È soprattutto nei passaggi dalla XIII alla XIV e poi alla XV legislatura che si sono registrati diversi casi di rincorsa e sfruttamento di quello che è stato definito il "precedente peggiore". L’esempio più macroscopico, sul punto, è sicuramente quello del progressivo "affinamento" della tecnica dei maxi-emendamenti che, in un delicato esercizio di equilibrismo tra norme costituzionali e dei regolamenti parlamentari, sono arrivati per tappe consecutive fino ad una negazione frontale di principi costituzionali quali la votazione articolo per articolo o l’obbligatorietà dell’esame in Commissione dei progetti di legge.

 

Questa tendenza non si è arrestata con l’inizio della nuova legislatura, che pure, nelle intenzioni della prima ora, sembrava volersi distaccare anche dal recente passato. E così il neo Presidente della Camera, in una delle prime sedute, ha proseguito – benché senza richiamarla espressamente – su una linea interpretativa inaugurata pochi mesi prima del Presidente della Commissione Affari costituzionali della legislatura precedente (ovviamente, di opposta collocazione politica), e ha inteso sostituire criteri di consenso politico agli stringenti requisiti regolamentari di ammissibilità degli emendamenti ad un disegno di legge di conversione di un decreto-legge. Proprio nel solco di una sempre più marcata adozione di criteri finalistici in sede di sindacato di ammissibilità degli emendamenti, il Presidente ha inteso ammettere (seppure "in via del tutto eccezionale") emendamenti eccedenti i dettati dell’art. 96-bis del regolamento: è anche per questa via che è stata aperta la questione legata all’emendamento cd. "salva Rete 4", che esorbitava dal contenuto originario del decreto-legge, ma che in qualche modo "rispondeva" all’adempimento di (potenziali e controversi) obblighi comunitari.

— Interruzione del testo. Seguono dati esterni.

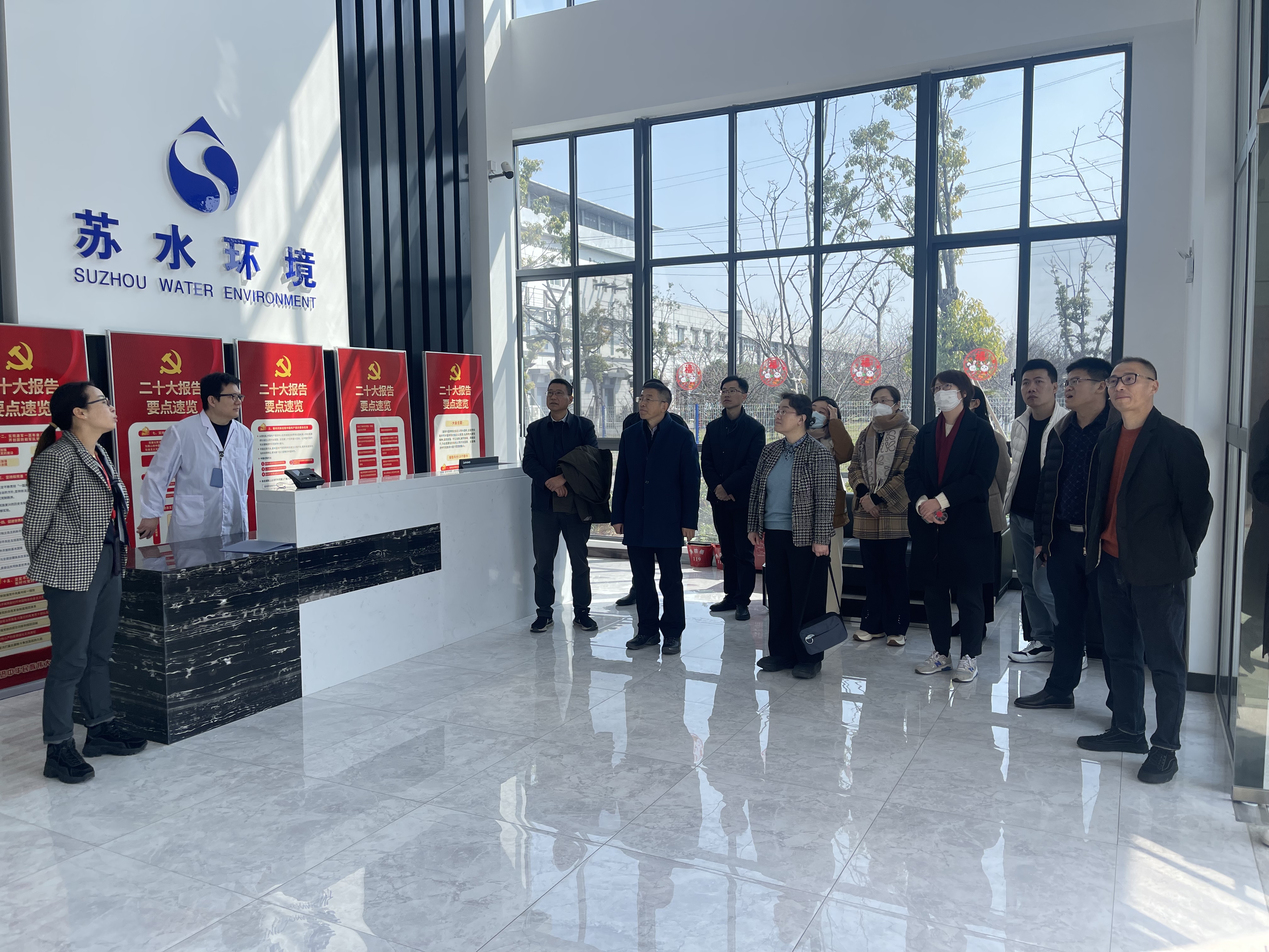 緊接著前往蘇水環(huán)境監(jiān)測公司,實地參觀了檢測實驗室,了解相關(guān)人員與硬件設(shè)施。

Anche in questo caso, un problematico precedente di disapplicazione del regolamento – attuata in maniera alquanto eccentrica rispetto alla ratio delle norme (seppure con l’unanimità dei gruppi parlamentari) – è stato ripreso "contro" la precedente maggioranza.

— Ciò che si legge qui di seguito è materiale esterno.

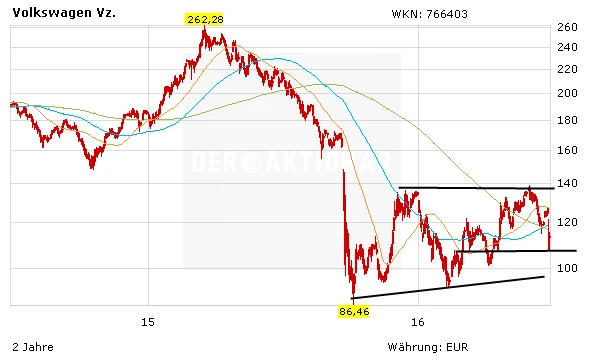 Am Freitag kam die VW-Aktie deutlich unter Druck. Bis auf 109 Euro kippte das Papier ab. Es bleibt dabei: DER AKTIONÄR geht davon aus, dass sich VW mit den US-Behörden einigen wird. Das Schlimmste sollte im Kurs eingepreist sein, und VW hat mit der Strategie 2025 die Grundlage für die Neuausrichtung gelegt. Für Anleger könnte sich aktuell eine interessante Kaufchance ergeben. Bei 116,70 Euro verläuft die 200-Tage-Linie. Darüber hat das Papier wieder Luft nach oben. Sollte der Markt aber noch einmal deutlich nachgeben, legen Anleger ein Kauflimit bei 108,10 Euro in den Markt, hier verläuft eine stärkere Unterstützung.

In questa prospettiva, dunque, gli inizi della XVI legislatura non sembrano discostarsi dalle tendenze passate. Anzi, l’utilizzo strumentale del precedente "peggiore" sembra continuare a scivolare su un pericoloso piano inclinato, "alimentandosi" progressivamente e rischiando di condurre sempre più lontano dalle garanzie di una sana dialettica parlamentare, in modo tale da impedire la creazione del clima necessario alle riforme tanto auspicate.